# Makrelen-Angeln von Dornumersiel / Günstiges Mitfahr-Angebot



## Holger (28. Mai 2008)

Hallo Leute !

Ein Bekannter von mir organisiert am kommenden Freitag (30.05.) über das Offiziersheim in Aurich ein Makrelenangeln.

Leider sind noch nicht alle Plätze ausgebucht, weshalb noch etwa 8 – 10 Leute mitfahren können, auch von außerhalb.

Das Makrelenangeln findet von ca. 16 bis 21 Uhr statt, gefahren wird ab Dornumersiel mit der MS Freya. Kostenpunkt sind 15 EURO pro Nase, ich denke ein sehr fairer Preis. 

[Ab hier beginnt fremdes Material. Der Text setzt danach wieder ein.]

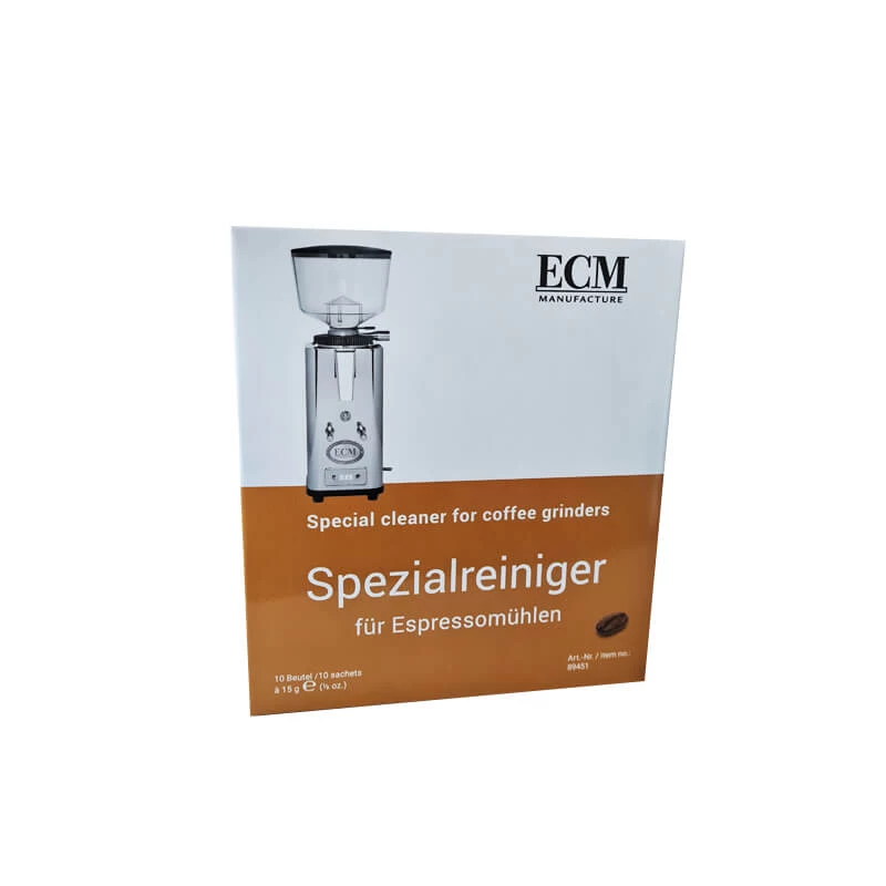 Der ECM Mühlenreiniger enthält 10 Beutel und diese bestehen aus lebensmittelechten Naturstoffen. Die regelmäßige Nutzung des Reinigers von ECM bewahrt einem vor eventuellen Reparaturen, denn der Reiniger säubert die Mahlscheiben von Kaffeeölen, Gerüchen und Geschmacksresten. So steht der nächsten Kaffeepulverherstellung nichts im Wege.
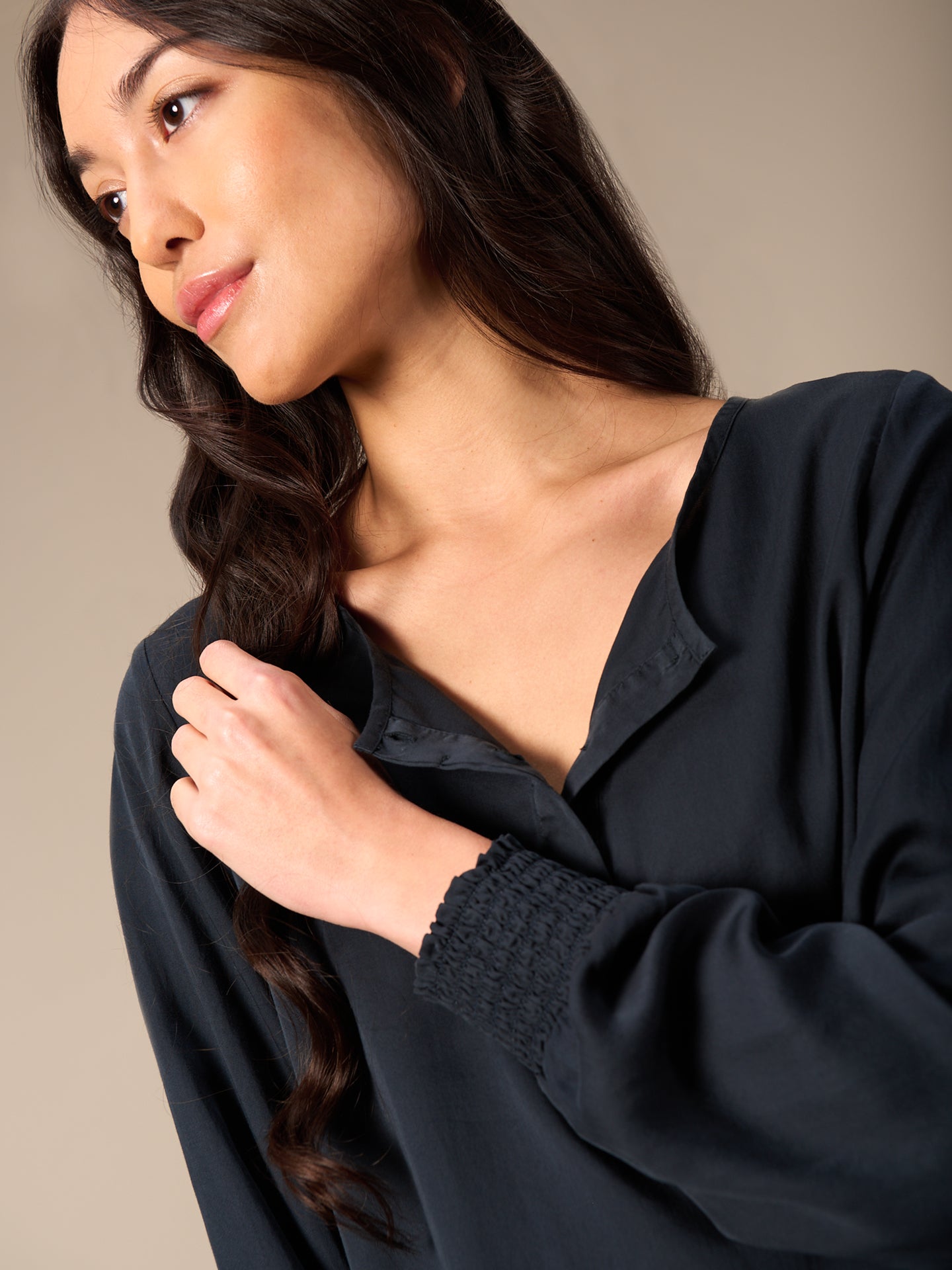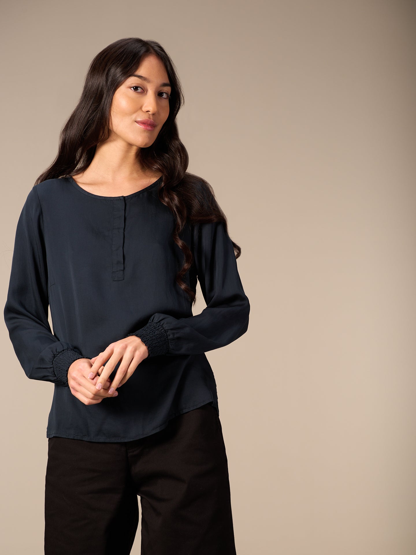 Edel schimmernde, locker geschnittene Satinbluse mit eingefasstem Rundhalsausschnitt mit verdecktem Verschluss. Die langen Ärmel enden mit einer gesmockten Manschette.

Wer also Zeit und Lust hat, kann sich bei meinem Bekannten melden, am Besten so schnell wie möglich.

Hier die Telefon-Nummer:
Jürgen Standfuß
Tel. 0175 74 44 337


----------



## Bjoern_Dx (29. Mai 2008)

*AW: Makrelen-Angeln von Dornumersiel / Günstiges Mitfahr-Angebot*

Fährst du auch mit? Wenn ja, gib doch bitte einen kurzen Bericht wie es gelaufen ist. Bin gespannt, ob schon was geht...

Gruß
Björn


----------



## Bjoern_Dx (2. Juni 2008)

*AW: Makrelen-Angeln von Dornumersiel / Günstiges Mitfahr-Angebot*

Wie ist es gelaufen???

Gruß
Björn


----------